*WHAT IS EXPECTED:* The reply should consist of one number, which is how many lines in the material below contain "there".

*DATA EXCERPTS:*
===
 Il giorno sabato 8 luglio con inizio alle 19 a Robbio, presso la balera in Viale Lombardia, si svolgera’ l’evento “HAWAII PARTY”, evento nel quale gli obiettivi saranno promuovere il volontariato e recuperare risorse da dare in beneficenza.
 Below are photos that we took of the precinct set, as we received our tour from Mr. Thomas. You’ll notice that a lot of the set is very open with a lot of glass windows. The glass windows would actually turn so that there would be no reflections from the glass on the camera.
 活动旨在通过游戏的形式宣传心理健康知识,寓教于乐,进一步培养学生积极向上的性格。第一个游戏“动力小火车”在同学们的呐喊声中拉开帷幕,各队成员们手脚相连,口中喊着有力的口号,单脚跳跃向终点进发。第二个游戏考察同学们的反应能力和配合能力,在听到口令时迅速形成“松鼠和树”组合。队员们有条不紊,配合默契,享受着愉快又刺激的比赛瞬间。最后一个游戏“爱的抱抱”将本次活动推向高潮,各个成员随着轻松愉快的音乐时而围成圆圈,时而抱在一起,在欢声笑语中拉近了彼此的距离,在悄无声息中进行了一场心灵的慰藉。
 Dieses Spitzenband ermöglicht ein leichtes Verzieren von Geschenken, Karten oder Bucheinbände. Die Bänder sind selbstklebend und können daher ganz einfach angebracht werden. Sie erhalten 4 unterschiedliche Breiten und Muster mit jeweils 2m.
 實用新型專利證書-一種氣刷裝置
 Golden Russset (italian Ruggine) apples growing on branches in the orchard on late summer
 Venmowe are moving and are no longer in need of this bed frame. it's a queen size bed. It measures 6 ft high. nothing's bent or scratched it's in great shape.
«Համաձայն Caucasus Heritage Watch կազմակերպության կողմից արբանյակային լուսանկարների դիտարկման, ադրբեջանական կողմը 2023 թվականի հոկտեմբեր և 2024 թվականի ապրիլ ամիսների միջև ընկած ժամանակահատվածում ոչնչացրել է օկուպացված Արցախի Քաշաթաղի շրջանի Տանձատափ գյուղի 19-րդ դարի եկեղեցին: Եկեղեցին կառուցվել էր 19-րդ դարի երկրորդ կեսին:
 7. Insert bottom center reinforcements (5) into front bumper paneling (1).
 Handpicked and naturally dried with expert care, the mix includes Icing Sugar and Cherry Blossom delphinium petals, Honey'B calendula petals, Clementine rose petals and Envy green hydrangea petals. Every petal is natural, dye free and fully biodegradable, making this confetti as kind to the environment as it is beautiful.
===
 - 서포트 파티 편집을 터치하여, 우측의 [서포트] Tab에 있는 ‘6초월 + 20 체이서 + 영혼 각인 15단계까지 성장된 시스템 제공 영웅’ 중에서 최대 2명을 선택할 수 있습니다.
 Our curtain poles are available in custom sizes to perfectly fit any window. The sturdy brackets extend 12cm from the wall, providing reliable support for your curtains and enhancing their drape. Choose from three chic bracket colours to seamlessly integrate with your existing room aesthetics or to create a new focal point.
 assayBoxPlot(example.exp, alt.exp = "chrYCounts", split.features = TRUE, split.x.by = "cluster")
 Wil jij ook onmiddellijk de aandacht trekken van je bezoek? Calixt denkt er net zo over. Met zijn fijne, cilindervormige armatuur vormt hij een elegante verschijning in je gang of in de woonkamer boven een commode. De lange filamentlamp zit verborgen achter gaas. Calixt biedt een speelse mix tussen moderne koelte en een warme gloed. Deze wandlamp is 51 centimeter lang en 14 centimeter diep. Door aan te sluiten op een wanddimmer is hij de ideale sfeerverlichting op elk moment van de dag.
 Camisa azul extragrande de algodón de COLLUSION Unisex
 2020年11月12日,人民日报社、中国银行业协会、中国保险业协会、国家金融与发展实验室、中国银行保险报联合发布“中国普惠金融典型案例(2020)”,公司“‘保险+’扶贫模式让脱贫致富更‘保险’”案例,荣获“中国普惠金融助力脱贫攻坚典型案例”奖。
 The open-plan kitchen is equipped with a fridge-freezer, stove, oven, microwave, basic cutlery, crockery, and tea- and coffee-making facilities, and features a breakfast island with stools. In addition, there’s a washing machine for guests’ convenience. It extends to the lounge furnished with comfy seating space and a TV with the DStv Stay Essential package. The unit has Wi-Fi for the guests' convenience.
===
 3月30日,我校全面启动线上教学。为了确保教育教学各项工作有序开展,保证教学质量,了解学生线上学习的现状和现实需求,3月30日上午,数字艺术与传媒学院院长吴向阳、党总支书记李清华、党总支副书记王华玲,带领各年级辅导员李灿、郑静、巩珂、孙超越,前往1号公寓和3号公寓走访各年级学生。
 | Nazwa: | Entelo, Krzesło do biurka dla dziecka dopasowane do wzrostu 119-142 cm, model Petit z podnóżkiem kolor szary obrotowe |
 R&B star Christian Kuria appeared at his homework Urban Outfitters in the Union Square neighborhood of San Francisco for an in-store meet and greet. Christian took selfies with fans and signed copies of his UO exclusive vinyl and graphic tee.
===
*TASK ANSWER:* 2